When we started investigating, the first thing we did was build a comparison tool: pull the last 30 days of orders directly from the Shopify Admin API for a set of test shops, calculate what revenue should be, and compare against what our database stored.

The results were uncomfortable. ~6% of daily revenue figures were wrong — some over-counted, some under-counted. The errors weren't random noise. They clustered around specific patterns: shops with lots of refunds, shops using multi-currency, shops that frequently edit orders after creation.

Edge Cases Everywhere

Shopify's order model has more states than you'd think:

Partial refunds — a merchant refunds one line item out of five. Shopify fires a refunds/create event. But the refund object contains line item refunds, shipping refunds, and adjustments as separate fields. Easy to double-count or miss parts.
Order edits — Shopify added orders/edited webhooks relatively recently. Older webhook handlers don't know about this event type and silently drop it. The order's total changes but your database doesn't.
Multi-currency — Shopify presents prices in the shop's currency and the customer's currency. Refunds are issued in the customer's currency. If you convert at different times (order creation vs. refund creation), you get phantom currency gains/losses.
Timezone mismatches — Shopify timestamps are UTC. Merchants think about revenue in their local timezone. An order at 11:30pm UTC is Tuesday in Vietnam but Wednesday in New York. If you bucket by Shopify's UTC date, you'll disagree with the merchant's Shopify admin view which shows local time.
Test orders — Shopify marks some orders as test orders. They shouldn't count toward revenue. Easy to accidentally include them if you don't check the test field.
Cancelled orders with refunds — if an order is cancelled and fully refunded, should it appear in revenue at all? Shopify says yes (gross revenue minus refunds = 0). Some merchants expect it to not appear at all.

Accumulated Patches

The original reportfns code was written to handle the happy path: order comes in, add revenue. As edge cases were discovered over time, patches were applied on top. The result was something like this:

reportfns/handler.go — BEFORE (accumulated patches)

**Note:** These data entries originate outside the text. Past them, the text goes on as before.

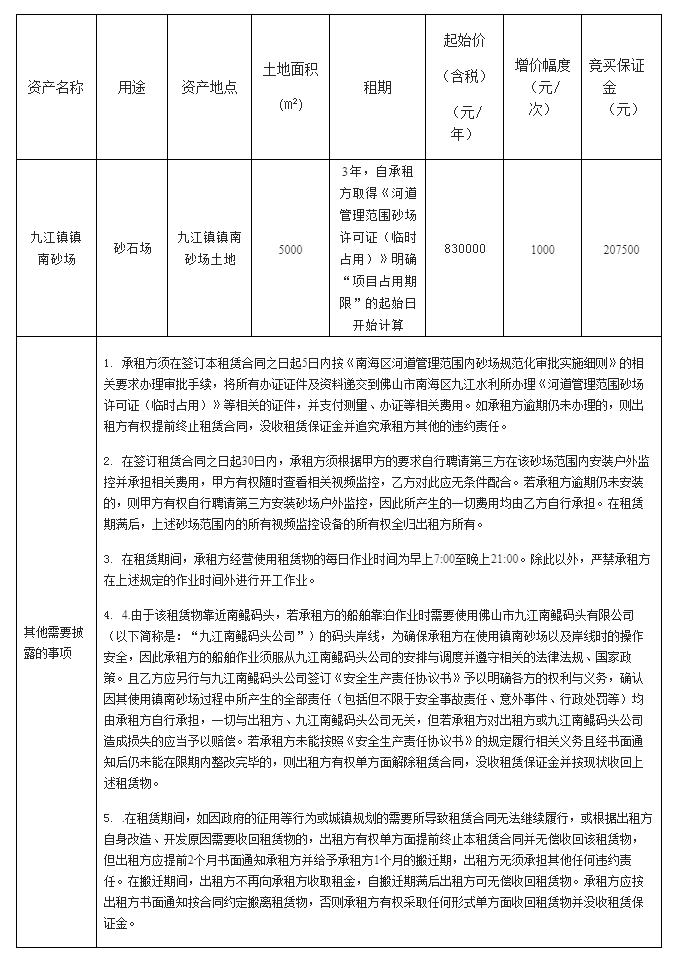 1.招/出租人:佛山市南海区九江镇镇有资产管理有限公司
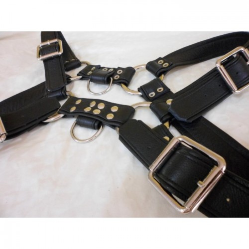 This is the version of our basic bulldog harness, but with an extra strap. The upper end connects to..
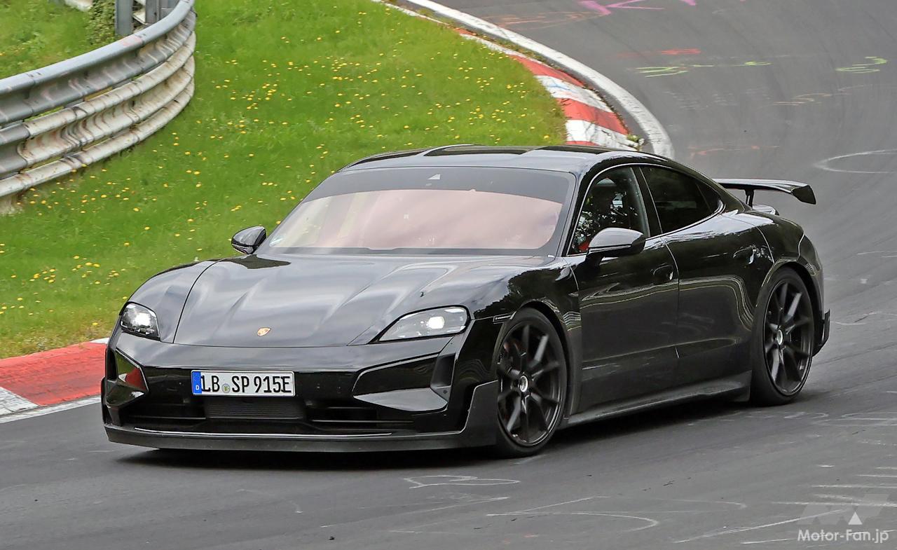 現在のラインアップ中、最速モデルである「タイカン ターボS」は、デュアルモーターを積み、最高出力952psを発揮、0-96km/h加速は2.3秒で駆け抜けるが、新グレードでは、トリプルモーターを積み、最高出力1000psを超えてくると予想される。
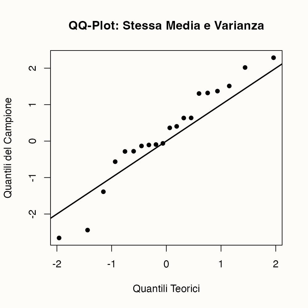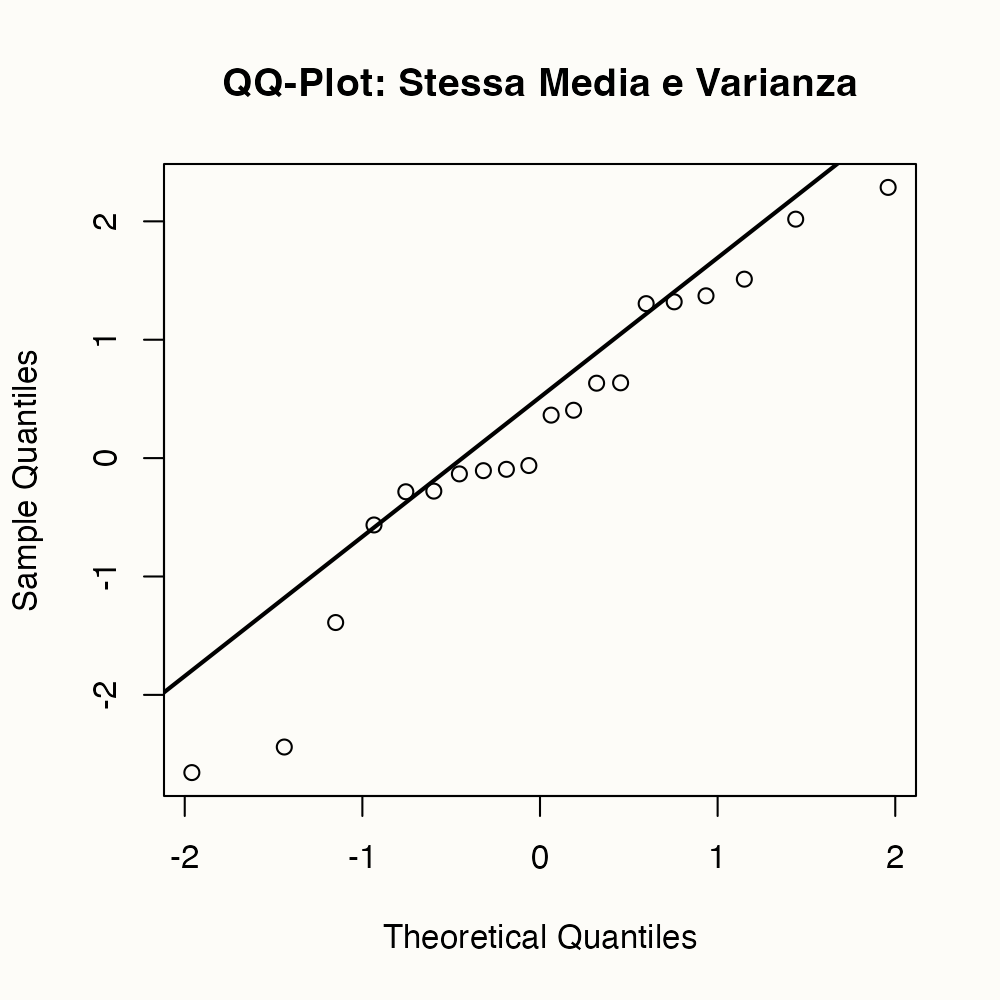 main = "QQ-Plot: Stessa Media e Varianza", pch = 16)

func handleOrderEvent(ctx context.Context, event OrderEvent) error {
    order := event.Order

    // Original logic
    revenue := order.TotalPrice

    // Patch #1 (3 months later): subtract refunds
    if order.TotalRefunded > 0 {
        revenue -= order.TotalRefunded
    }

    // Patch #2 (5 months later): handle currency
    // TODO: this is wrong for multi-currency, fix later
    if order.Currency != shopCurrency {
        revenue = convertCurrency(revenue, order.Currency, shopCurrency)
    }

    // Patch #3 (7 months later): someone noticed test orders
    if order.Test {
        return nil
    }

    // Patch #4 (8 months later): cancelled orders
    if order.CancelledAt != nil && order.TotalRefunded >= order.TotalPrice {
        // skip? or not? unclear...
        // return nil
    }

    // Update the daily report
    return upsertDailyReport(ctx, shopID, orderDate(order), revenue)
}

Notice the commented-out return, the TODO that never got fixed, the patch applied after the currency conversion that means test orders after the currency conversion are still excluded but test orders before aren't. This code had been touched by multiple engineers over 18 months. Nobody held a full mental model of what it actually did.

Worse: each patch was applied as an incremental delta handler. There was no mechanism to go back and recalculate old data when a bug was fixed. Every fix only applied going forward. Old reports stayed wrong.

Investigation

Tracing the Discrepancy

I started by writing a diagnostic tool that compared our stored revenue against a freshly calculated figure for a given shop and date range. The approach:

Fetch all orders for the shop directly from Shopify Admin API (paginated)
Apply our revenue calculation rules to those raw orders
Compare against what MongoDB stored
Log discrepancies with the specific order IDs involved

tools/revenue_audit.go

type AuditResult struct {
    ShopID       string
    Date         time.Time
    StoredRevenue  float64
    ActualRevenue  float64
    Delta          float64
    DeltaPct       float64
    DiscrepantOrders []string
}

func auditShopRevenue(ctx context.Context, shopID string, from, to time.Time) ([]AuditResult, error) {
    // Fetch raw orders from Shopify (source of truth)
    orders, err := shopifyClient.GetOrdersInRange(ctx, shopID, from, to)
    if err != nil {
        return nil, fmt.Errorf("fetch orders for %s: %w", shopID, err)
    }

    // Group by local date (using shop's timezone)
    shop, _ := shopRepo.Get(ctx, shopID)
    loc, _ := time.LoadLocation(shop.Timezone)

    byDate := make(map[string][]ShopifyOrder)
    for _, o := range orders {
        localDate := o.CreatedAt.In(loc).Format("2006-01-02")
        byDate[localDate] = append(byDate[localDate], o)
    }

    var results []AuditResult
    for dateStr, dayOrders := range byDate {
        actual := calculateRevenueFromOrders(dayOrders, shop)
        stored, _ := reportRepo.GetDailyRevenue(ctx, shopID, dateStr)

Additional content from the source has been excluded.